There are a few mechanical quibbles. The third stanza of “Chickasaw Plum”—“The European pear, instead, / She left to me, on which to lean-- / Ashamed and shorn—my maiden head, / Spotted, bottom-heavy, green” seems rather convoluted syntax which may not say what the poet means. Likewise the syntax of lines such as “Unwind and spread across my chest your braids” seem tortured to fit into form rather than natural. In a few poems the identity of the speaker is unclear. “The Civil Execution of Joshua Martin” is written in six 10-line stanzas that rhyme ABABBCCDCD, which indicates not only the pattern of rhyme but also of sound, i.e., the A rhymes rhyme with each other the entire poem, the B with B, etc. That means the poet must find 18 B rhymes, 18 C rhymes, 12 A, and 12 D. These are followed by an envoi rhyming CCDCD, upping the C count to 21 and the D to 14, though each verse as well as the envoi use the same concluding line, thus reducing the number of different D rhymes somewhat.
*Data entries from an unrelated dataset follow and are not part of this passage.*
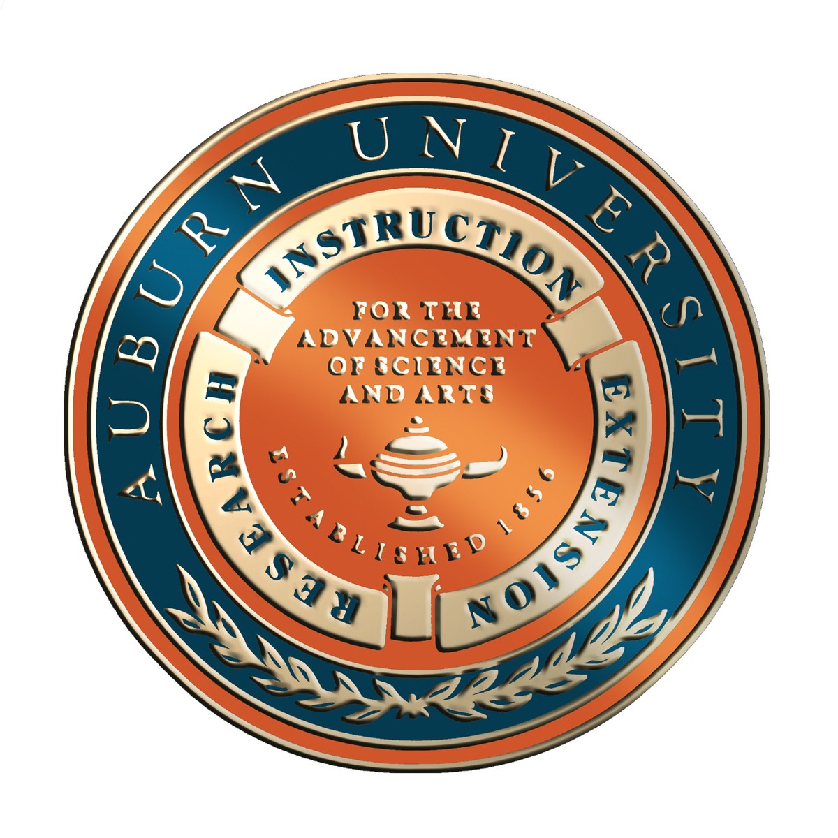 - Custom minted Auburn seal with hand painted enamel accents; inset into bevel-cut opening
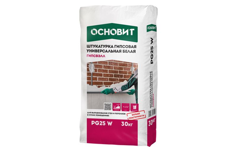 Гипсовая штукатурка белая ОСНОВИТ ГИПСВЭЛЛ PG25 W предназначена для выравнивания стен и потолков в помещениях с нормальной влажностью.
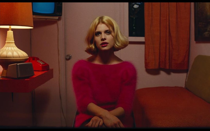 第一场戏,Travis进入隔间,扶着电话,等待着他期盼已久的金发女郎的到来。此时是Jane——全片的戏眼——第一次正面出镜,导演安排声音先行,持续营造暧昧的气氛。镜头随着Travis的眼神抬起戛然而转,在粗制滥造的布景之间穿着艳丽的Jane轻盈亮相,此时T能看见J,J并不清楚对面的那个男人是谁,这样一种奇异的不对称关系设计下,戏剧冲突自然而来,天才的巧思。紧接着就是独属于Jane和Travis二人的相互切换特写长镜头,这一段并不是普通的正反打,而是在台词切入人物内心的瞬间给予演员充分的表演空间。
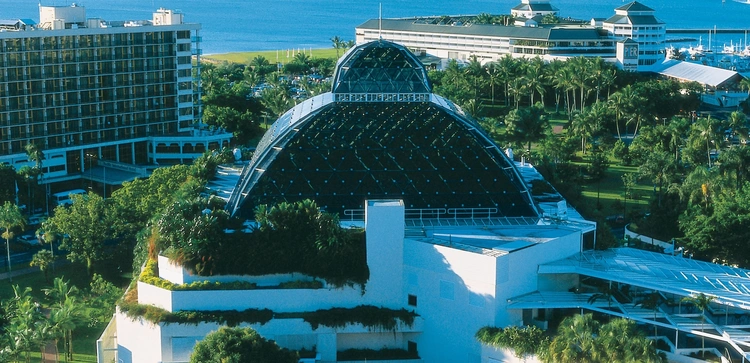 "This luxury development in Cairns includes a nightclub, rainforest conservatory, five restaurants and a casino."

The scheme gives a ceremonial air to an execution without ceremony, but Joshua Martin’s most uncivil treatment gets a bit lost in the pyrotechnics; one becomes so intrigued with the performance of the poet that the subject runs the risk of getting lost.
But Jennifer Reeser’s book is an impressive accounting of the Amerindian struggle in an occupied land. There are moments of understandable anger but pride and love are much more in evidence, along with an interesting meld of Christian and native faiths. The Indian view of nature is also much in play. The Romantic view of the natural world treats the natural world as something to be read, more panentheistic than pantheistic. The native view is not so easily summarized because there is less distance involved. Jennifer Reeser’s poetry seems at home in both worlds, though contained by neither.